Calculating Satoshi's coins

[NotATether]

We wanted to have a decentralized exchange for this project and created an own token as ADAB spin-off. We chose the Waves platform.

Exchange: https://waves.exchange/

Explorer with information on the token:
https://wavesexplorer.com/tx/9zMruSw8PPVPvRWgmrDi8QzsaGwNfBqdx9L5sMgASDAK

Name of the token: BitcoinADAB
Quantity: 10,000,000
Decimals: 8
Reissuable: no (10,000,000 tokens is max.)
AssetId: 9zMruSw8PPVPvRWgmrDi8QzsaGwNfBqdx9L5sMgASDAK

To find the token in the exchange:
Switch from 'Verified mode' to 'Community mode'
Search with the AssetId: 9zMruSw8PPVPvRWgmrDi8QzsaGwNfBqdx9L5sMgASDAK
Pairs: BitcoinADAB/BTC and BitcoinADAB/WAVES

This is our interaction token for this project.

How exactly is this supposed to interact with a private key solver program again?

The software would have to be modified to buy or sell tokens as progress is made in exhausting search space. And it's pretty tricky to modify these programs because I once did that, and then someone complained on Github that it wasn't finding keys anymore.

[BitcoinADAB]

How exactly is this supposed to interact with a private key solver program again?

The software would have to be modified to buy or sell tokens as progress is made in exhausting search space. And it's pretty tricky to modify these programs because I once did that, and then someone complained on Github that it wasn't finding keys anymore.

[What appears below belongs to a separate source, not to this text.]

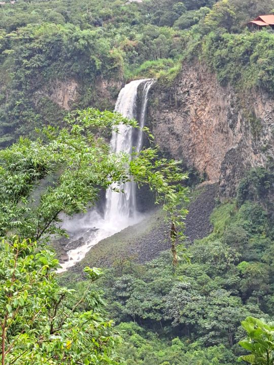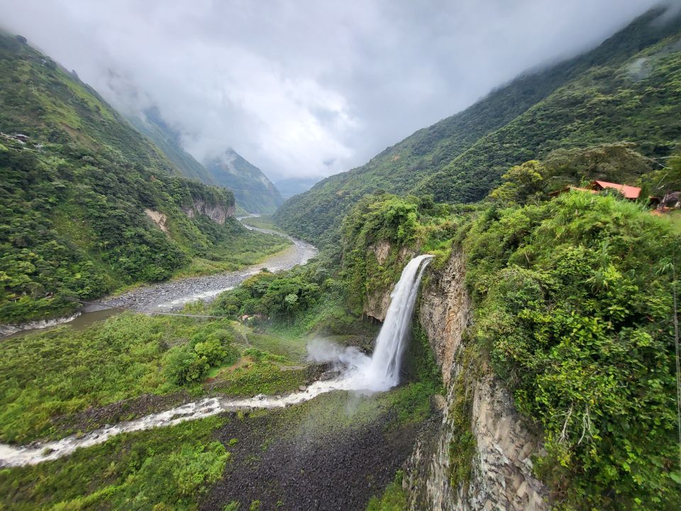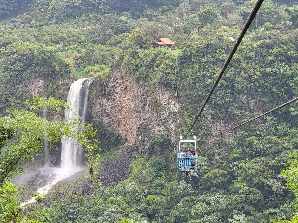 In Baños übernachten wir auf einem Parkplatz am Wasserfall Cascada Cabellera de la Virgin
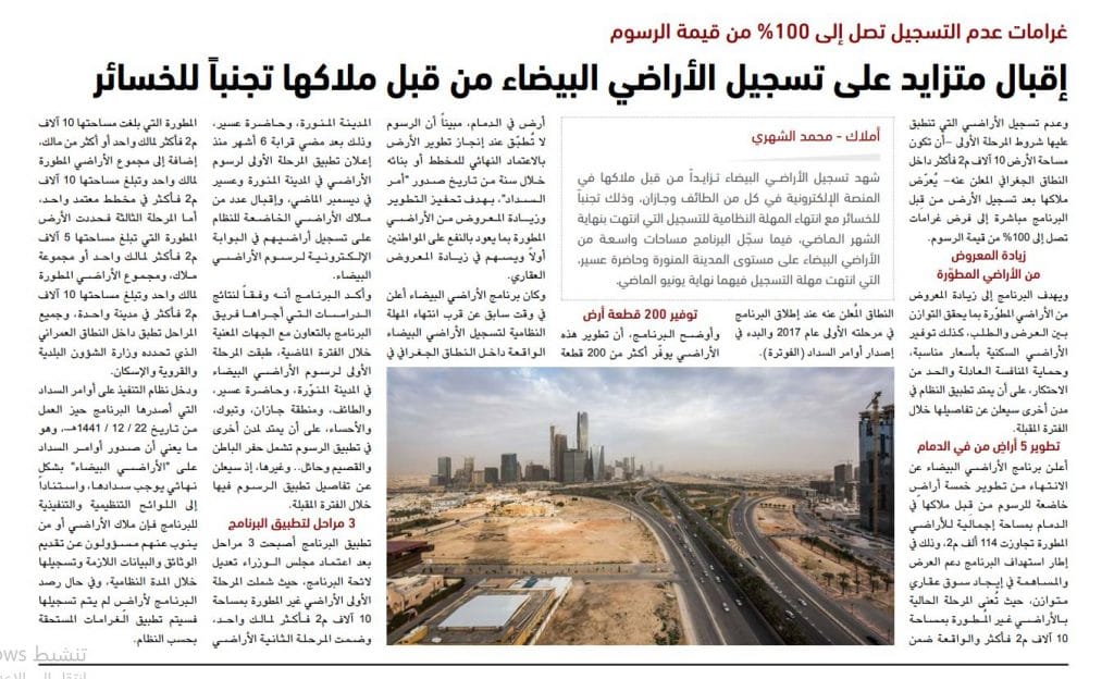 وكان برنامج الأراضي البيضاء أعلن في وقت سابق عن قرب انتهاء المهلة النظامية لتسجيل الأراضي البيضاء الواقعة داخل النطاق الجغرافي في المدينة المنورة، وحاضرة عسير، وذلك بعد مضي قرابة 6 أشهر منذ إعلان تطبيق المرحلة الأولى لرسوم الأراضي في المدينة المنورة وعسير في ديسمبر الماضي، وإقبال عدد من ملّاك الأراضي الخاضعة للنظام على تسجيل أراضيهم في البوابة الإلكترونية لرسوم الأراضي البيضاء.

The participants will provide the system with distinguished points only and after solving a point, we will publish it and the solving participants will broadcast their reward address, so we can transfer them their reward. We expect that the first solutions will take some time and the intervals will be long enough to make it manually and not automated. Also the purchase of the interaction token will happen manually.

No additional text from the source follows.